━━━ SUPPLIED MATERIAL

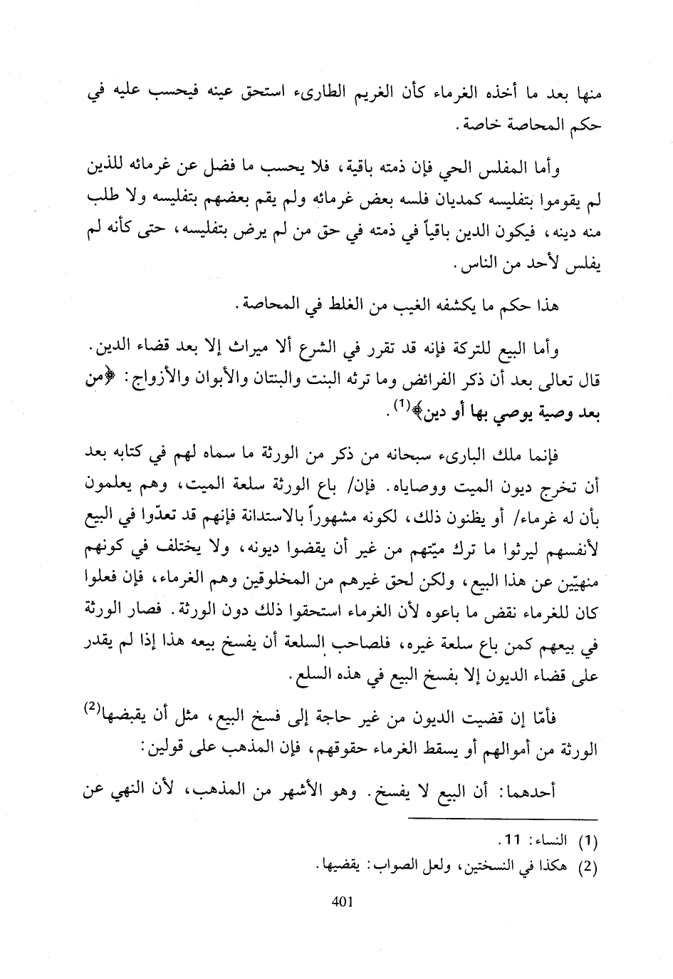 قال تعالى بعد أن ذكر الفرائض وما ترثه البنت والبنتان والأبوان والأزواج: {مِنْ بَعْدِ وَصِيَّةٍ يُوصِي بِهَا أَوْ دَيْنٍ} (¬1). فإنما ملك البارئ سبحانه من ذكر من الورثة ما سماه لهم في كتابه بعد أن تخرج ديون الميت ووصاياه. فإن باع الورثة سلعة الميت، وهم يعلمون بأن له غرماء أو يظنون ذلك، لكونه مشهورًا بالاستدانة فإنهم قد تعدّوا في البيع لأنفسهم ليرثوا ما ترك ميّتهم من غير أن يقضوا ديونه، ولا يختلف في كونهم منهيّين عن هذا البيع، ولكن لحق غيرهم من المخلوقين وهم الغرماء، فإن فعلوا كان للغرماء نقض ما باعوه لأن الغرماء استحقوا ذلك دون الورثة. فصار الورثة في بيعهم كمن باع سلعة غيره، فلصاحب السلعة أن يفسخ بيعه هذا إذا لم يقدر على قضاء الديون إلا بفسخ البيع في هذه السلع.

━━━━━━
━━━ SUPPLIED MATERIAL

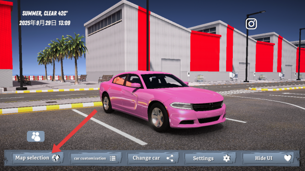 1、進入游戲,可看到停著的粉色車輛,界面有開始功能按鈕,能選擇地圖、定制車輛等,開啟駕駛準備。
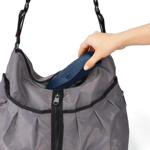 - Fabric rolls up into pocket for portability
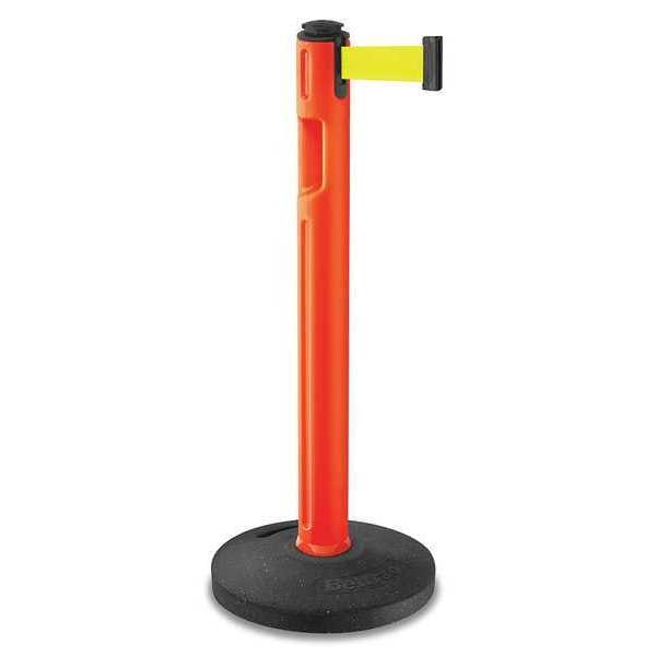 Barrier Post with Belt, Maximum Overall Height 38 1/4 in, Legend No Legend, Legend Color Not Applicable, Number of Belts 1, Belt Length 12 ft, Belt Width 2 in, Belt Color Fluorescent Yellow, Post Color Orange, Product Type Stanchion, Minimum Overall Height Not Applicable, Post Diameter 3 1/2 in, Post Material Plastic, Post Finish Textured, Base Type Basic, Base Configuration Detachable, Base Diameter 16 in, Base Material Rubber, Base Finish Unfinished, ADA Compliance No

━━━━━━

__YOUR ASSIGNMENT__:
Only the lines starting at the one with "1、進入游戲,可看到停著的粉" and ending at the one with "Barrier Post with" should be printed, each exactly as it appears in the material above; the pictures are to be omitted.

__COMPLETED TASK__:
 1、進入游戲,可看到停著的粉色車輛,界面有開始功能按鈕,能選擇地圖、定制車輛等,開啟駕駛準備。
 - Fabric rolls up into pocket for portability
 Barrier Post with Belt, Maximum Overall Height 38 1/4 in, Legend No Legend, Legend Color Not Applicable, Number of Belts 1, Belt Length 12 ft, Belt Width 2 in, Belt Color Fluorescent Yellow, Post Color Orange, Product Type Stanchion, Minimum Overall Height Not Applicable, Post Diameter 3 1/2 in, Post Material Plastic, Post Finish Textured, Base Type Basic, Base Configuration Detachable, Base Diameter 16 in, Base Material Rubber, Base Finish Unfinished, ADA Compliance No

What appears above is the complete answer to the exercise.